Северин назвал свой отель не только в честь райского сада, но и в честь обещания, которое он дал много лет назад. Тогда они с Тристаном были недоверчивыми мальчишками с ободранными коленками, а вокруг них кружилась бесконечная вереница отцов, наставлений и занятий.

– Ты под моей защитой, – сказал Северин, на этот раз еще тише. – Всегда.

Наконец Тристан сдался. Он прижался к брату: его светлые волосы защекотали ноздри Северина, и тот громко чихнул.

– Ладно, – проворчал Тристан.

Северин обдумывал, что еще он мог сказать, чтобы отвлечь Тристана от предстоящей работы по поиску Фрагмента.

– Я слышал, Голиаф полинял.

– Не притворяйся, что тебе есть дело до него. В прошлом месяце ты пытался скормить его коту.

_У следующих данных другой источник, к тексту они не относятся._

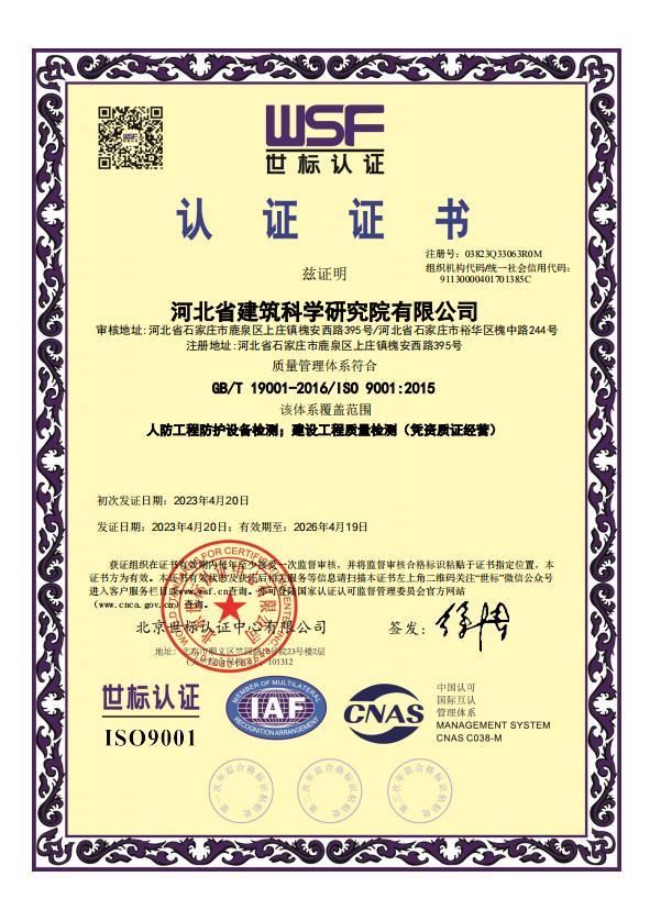 河北省建筑科學(xué)研究院有限公司認證證書2
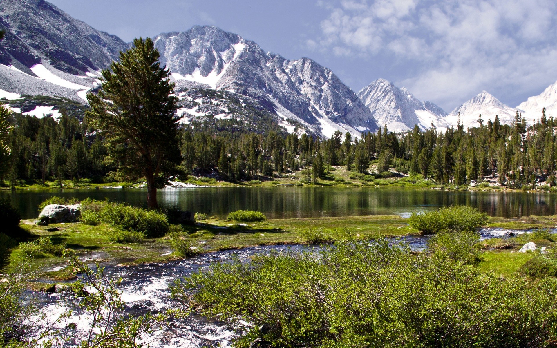 Río azul entre las altas montañas

– Честно говоря, Голиаф выглядит так, словно вышел прямиком из ночных кошмаров.

Тристан не засмеялся.

В течение всей следующей недели Лайла шпионила за членами Ордена, посещавшими Дворец Сновидений, и принимала во внимание все слухи: не пойдет ли речь о краже, случившейся во время аукциона. Но никто не проронил ни слова о происшествии. Даже охранники-Сфинксы, способные выследить любой помеченный артефакт, не покидали территорию городских резиденций Дома Никс и Дома Ко́ры.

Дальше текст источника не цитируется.